Source material:
BEGIN
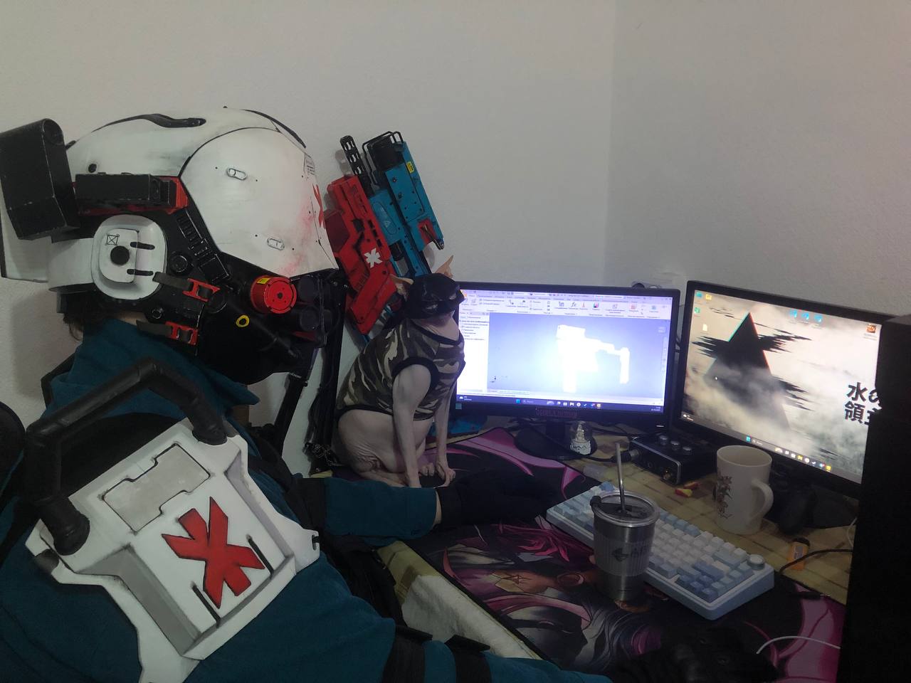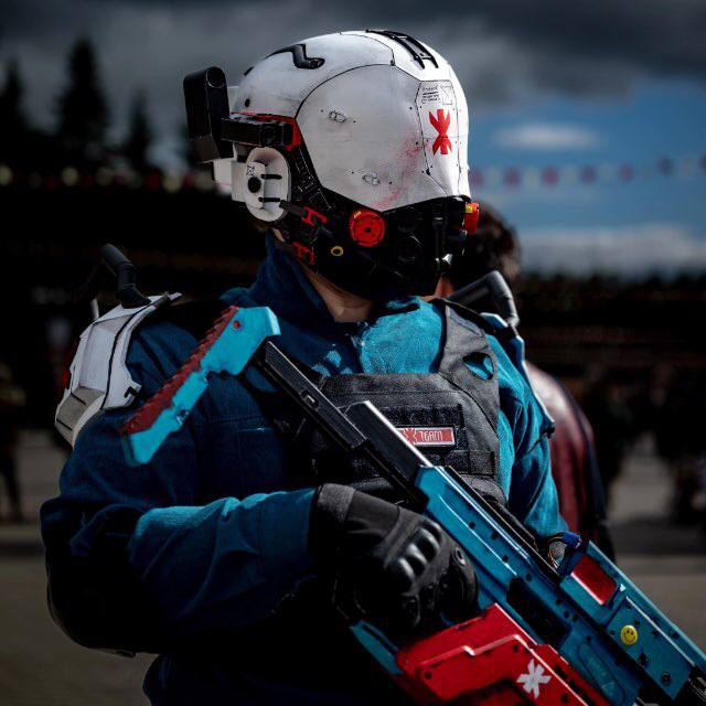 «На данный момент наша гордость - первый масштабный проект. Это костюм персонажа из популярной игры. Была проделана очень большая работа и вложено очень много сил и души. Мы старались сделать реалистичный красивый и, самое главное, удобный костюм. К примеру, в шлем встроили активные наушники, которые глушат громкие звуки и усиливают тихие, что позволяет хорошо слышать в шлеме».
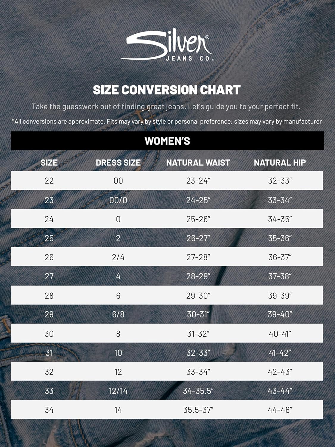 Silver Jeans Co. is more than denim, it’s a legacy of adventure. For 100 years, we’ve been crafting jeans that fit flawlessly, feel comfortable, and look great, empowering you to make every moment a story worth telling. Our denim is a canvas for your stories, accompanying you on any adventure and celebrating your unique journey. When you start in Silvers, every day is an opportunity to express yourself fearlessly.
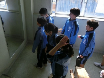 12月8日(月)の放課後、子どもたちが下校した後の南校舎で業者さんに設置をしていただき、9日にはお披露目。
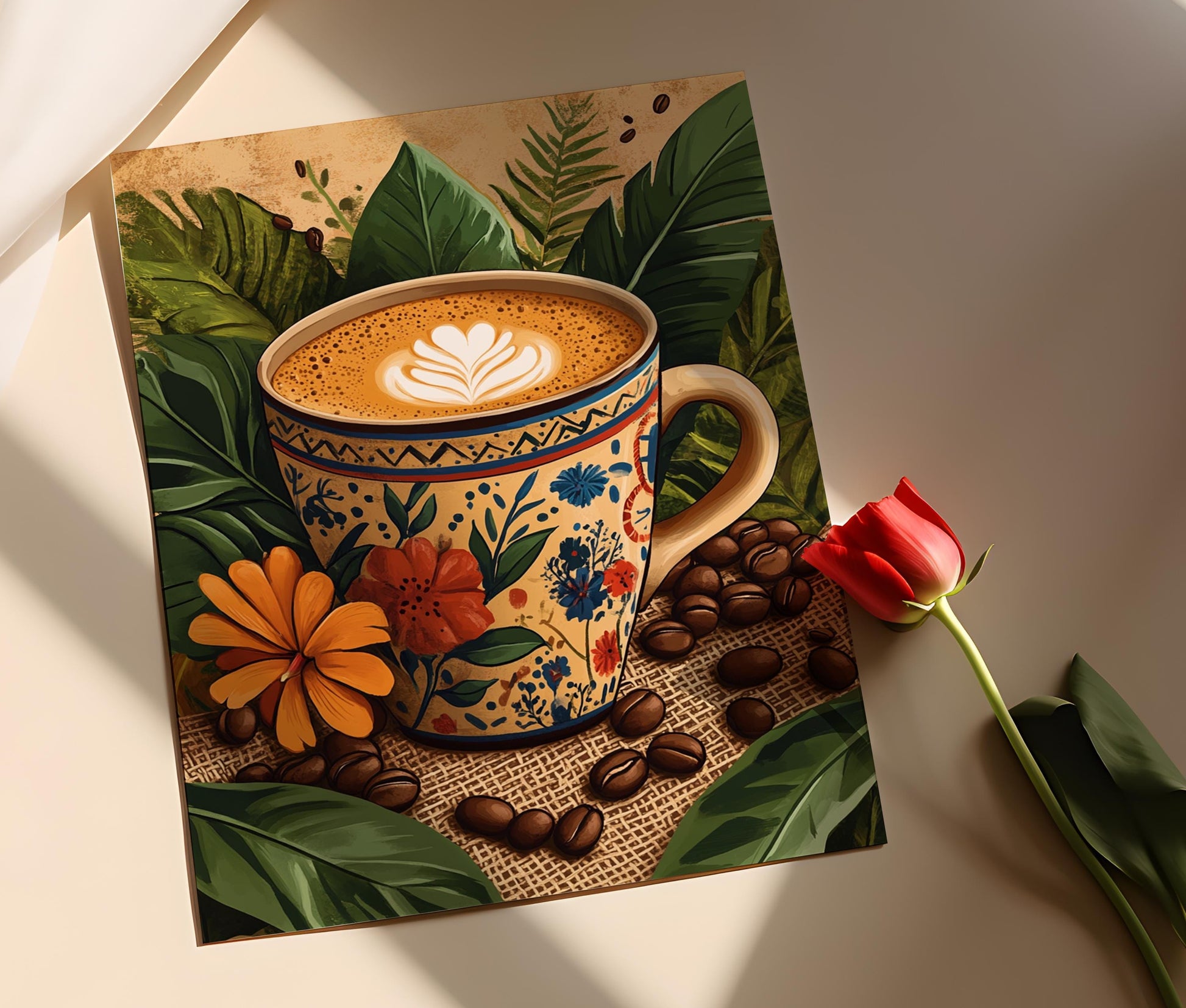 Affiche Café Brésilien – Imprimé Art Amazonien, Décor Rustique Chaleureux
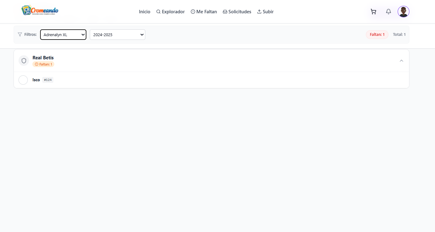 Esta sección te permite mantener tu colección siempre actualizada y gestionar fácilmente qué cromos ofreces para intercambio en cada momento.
END
Brief:
Print the records above verbatim, pictures excluded.

Task response:
 «На данный момент наша гордость - первый масштабный проект. Это костюм персонажа из популярной игры. Была проделана очень большая работа и вложено очень много сил и души. Мы старались сделать реалистичный красивый и, самое главное, удобный костюм. К примеру, в шлем встроили активные наушники, которые глушат громкие звуки и усиливают тихие, что позволяет хорошо слышать в шлеме».
 Silver Jeans Co. is more than denim, it’s a legacy of adventure. For 100 years, we’ve been crafting jeans that fit flawlessly, feel comfortable, and look great, empowering you to make every moment a story worth telling. Our denim is a canvas for your stories, accompanying you on any adventure and celebrating your unique journey. When you start in Silvers, every day is an opportunity to express yourself fearlessly.
 12月8日(月)の放課後、子どもたちが下校した後の南校舎で業者さんに設置をしていただき、9日にはお披露目。
 Affiche Café Brésilien – Imprimé Art Amazonien, Décor Rustique Chaleureux
 Esta sección te permite mantener tu colección siempre actualizada y gestionar fácilmente qué cromos ofreces para intercambio en cada momento.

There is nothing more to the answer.